## Task item
Copy the data that follows exactly, and include none of its images.

## Collected material
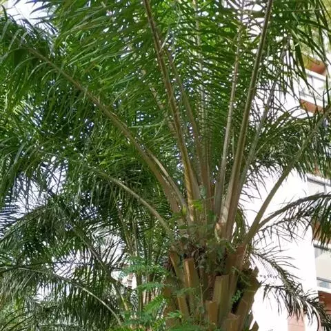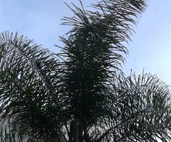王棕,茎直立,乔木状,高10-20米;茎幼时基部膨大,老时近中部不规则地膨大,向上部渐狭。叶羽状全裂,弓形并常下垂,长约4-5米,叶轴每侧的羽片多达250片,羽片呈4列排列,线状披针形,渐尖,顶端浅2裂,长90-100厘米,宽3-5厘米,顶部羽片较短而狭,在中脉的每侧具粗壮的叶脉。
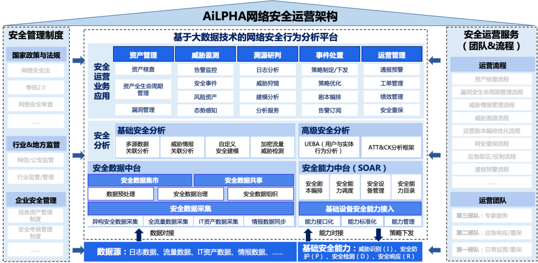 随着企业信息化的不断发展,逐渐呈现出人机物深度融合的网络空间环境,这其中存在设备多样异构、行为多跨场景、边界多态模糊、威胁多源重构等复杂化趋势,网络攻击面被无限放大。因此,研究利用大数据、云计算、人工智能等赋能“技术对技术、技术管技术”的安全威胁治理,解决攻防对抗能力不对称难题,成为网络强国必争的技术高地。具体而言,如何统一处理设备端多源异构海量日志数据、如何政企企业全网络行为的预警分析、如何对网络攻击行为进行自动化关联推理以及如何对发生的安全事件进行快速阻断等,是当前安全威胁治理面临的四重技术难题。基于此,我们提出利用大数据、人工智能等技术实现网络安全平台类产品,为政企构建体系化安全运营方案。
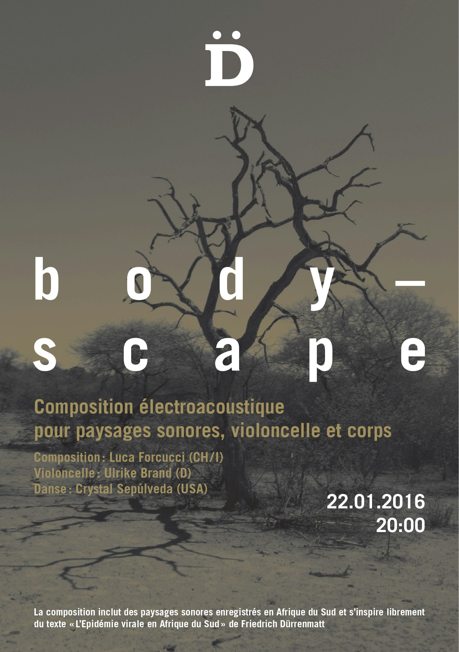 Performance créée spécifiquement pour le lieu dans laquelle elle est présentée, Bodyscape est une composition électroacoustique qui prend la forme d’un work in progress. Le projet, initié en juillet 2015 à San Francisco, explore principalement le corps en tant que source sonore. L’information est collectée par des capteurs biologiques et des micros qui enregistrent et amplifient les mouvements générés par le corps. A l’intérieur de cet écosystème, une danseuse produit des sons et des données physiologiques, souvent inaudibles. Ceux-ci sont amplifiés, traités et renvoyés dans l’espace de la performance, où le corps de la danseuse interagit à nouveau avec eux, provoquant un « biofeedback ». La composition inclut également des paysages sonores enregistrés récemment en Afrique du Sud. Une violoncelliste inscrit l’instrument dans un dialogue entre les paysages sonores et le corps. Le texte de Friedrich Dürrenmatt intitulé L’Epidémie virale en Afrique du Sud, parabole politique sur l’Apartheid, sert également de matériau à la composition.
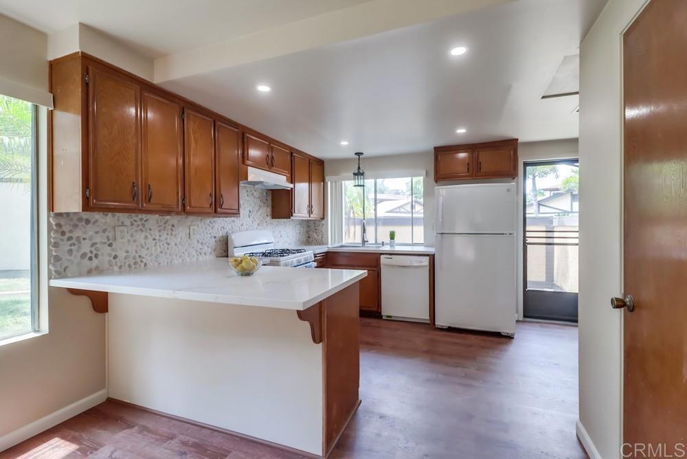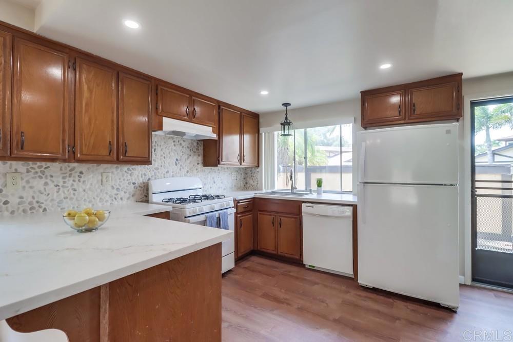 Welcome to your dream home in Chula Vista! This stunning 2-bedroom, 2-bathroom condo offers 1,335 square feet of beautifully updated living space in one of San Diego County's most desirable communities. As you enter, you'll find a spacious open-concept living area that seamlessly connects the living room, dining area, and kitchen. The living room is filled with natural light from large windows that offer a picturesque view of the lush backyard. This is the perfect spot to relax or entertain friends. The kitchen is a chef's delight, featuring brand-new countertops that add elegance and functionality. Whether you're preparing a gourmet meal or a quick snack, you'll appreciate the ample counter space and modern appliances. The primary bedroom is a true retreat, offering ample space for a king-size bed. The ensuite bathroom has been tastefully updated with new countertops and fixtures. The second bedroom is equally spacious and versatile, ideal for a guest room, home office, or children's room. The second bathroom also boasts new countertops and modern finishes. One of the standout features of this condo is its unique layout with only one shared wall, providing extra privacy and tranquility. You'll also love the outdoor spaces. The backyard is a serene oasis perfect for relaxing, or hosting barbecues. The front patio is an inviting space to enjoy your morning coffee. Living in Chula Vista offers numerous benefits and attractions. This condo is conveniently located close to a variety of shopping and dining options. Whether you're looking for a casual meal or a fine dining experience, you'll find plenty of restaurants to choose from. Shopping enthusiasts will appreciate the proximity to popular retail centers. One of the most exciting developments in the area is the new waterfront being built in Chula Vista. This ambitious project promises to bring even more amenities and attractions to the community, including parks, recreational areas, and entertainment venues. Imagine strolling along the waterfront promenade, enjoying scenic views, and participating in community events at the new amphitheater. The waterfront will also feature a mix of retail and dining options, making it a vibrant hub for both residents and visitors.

## Exercise result
王棕,茎直立,乔木状,高10-20米;茎幼时基部膨大,老时近中部不规则地膨大,向上部渐狭。叶羽状全裂,弓形并常下垂,长约4-5米,叶轴每侧的羽片多达250片,羽片呈4列排列,线状披针形,渐尖,顶端浅2裂,长90-100厘米,宽3-5厘米,顶部羽片较短而狭,在中脉的每侧具粗壮的叶脉。
 随着企业信息化的不断发展,逐渐呈现出人机物深度融合的网络空间环境,这其中存在设备多样异构、行为多跨场景、边界多态模糊、威胁多源重构等复杂化趋势,网络攻击面被无限放大。因此,研究利用大数据、云计算、人工智能等赋能“技术对技术、技术管技术”的安全威胁治理,解决攻防对抗能力不对称难题,成为网络强国必争的技术高地。具体而言,如何统一处理设备端多源异构海量日志数据、如何政企企业全网络行为的预警分析、如何对网络攻击行为进行自动化关联推理以及如何对发生的安全事件进行快速阻断等,是当前安全威胁治理面临的四重技术难题。基于此,我们提出利用大数据、人工智能等技术实现网络安全平台类产品,为政企构建体系化安全运营方案。
 Performance créée spécifiquement pour le lieu dans laquelle elle est présentée, Bodyscape est une composition électroacoustique qui prend la forme d’un work in progress. Le projet, initié en juillet 2015 à San Francisco, explore principalement le corps en tant que source sonore. L’information est collectée par des capteurs biologiques et des micros qui enregistrent et amplifient les mouvements générés par le corps. A l’intérieur de cet écosystème, une danseuse produit des sons et des données physiologiques, souvent inaudibles. Ceux-ci sont amplifiés, traités et renvoyés dans l’espace de la performance, où le corps de la danseuse interagit à nouveau avec eux, provoquant un « biofeedback ». La composition inclut également des paysages sonores enregistrés récemment en Afrique du Sud. Une violoncelliste inscrit l’instrument dans un dialogue entre les paysages sonores et le corps. Le texte de Friedrich Dürrenmatt intitulé L’Epidémie virale en Afrique du Sud, parabole politique sur l’Apartheid, sert également de matériau à la composition.
 Welcome to your dream home in Chula Vista! This stunning 2-bedroom, 2-bathroom condo offers 1,335 square feet of beautifully updated living space in one of San Diego County's most desirable communities. As you enter, you'll find a spacious open-concept living area that seamlessly connects the living room, dining area, and kitchen. The living room is filled with natural light from large windows that offer a picturesque view of the lush backyard. This is the perfect spot to relax or entertain friends. The kitchen is a chef's delight, featuring brand-new countertops that add elegance and functionality. Whether you're preparing a gourmet meal or a quick snack, you'll appreciate the ample counter space and modern appliances. The primary bedroom is a true retreat, offering ample space for a king-size bed. The ensuite bathroom has been tastefully updated with new countertops and fixtures. The second bedroom is equally spacious and versatile, ideal for a guest room, home office, or children's room. The second bathroom also boasts new countertops and modern finishes. One of the standout features of this condo is its unique layout with only one shared wall, providing extra privacy and tranquility. You'll also love the outdoor spaces. The backyard is a serene oasis perfect for relaxing, or hosting barbecues. The front patio is an inviting space to enjoy your morning coffee. Living in Chula Vista offers numerous benefits and attractions. This condo is conveniently located close to a variety of shopping and dining options. Whether you're looking for a casual meal or a fine dining experience, you'll find plenty of restaurants to choose from. Shopping enthusiasts will appreciate the proximity to popular retail centers. One of the most exciting developments in the area is the new waterfront being built in Chula Vista. This ambitious project promises to bring even more amenities and attractions to the community, including parks, recreational areas, and entertainment venues. Imagine strolling along the waterfront promenade, enjoying scenic views, and participating in community events at the new amphitheater. The waterfront will also feature a mix of retail and dining options, making it a vibrant hub for both residents and visitors.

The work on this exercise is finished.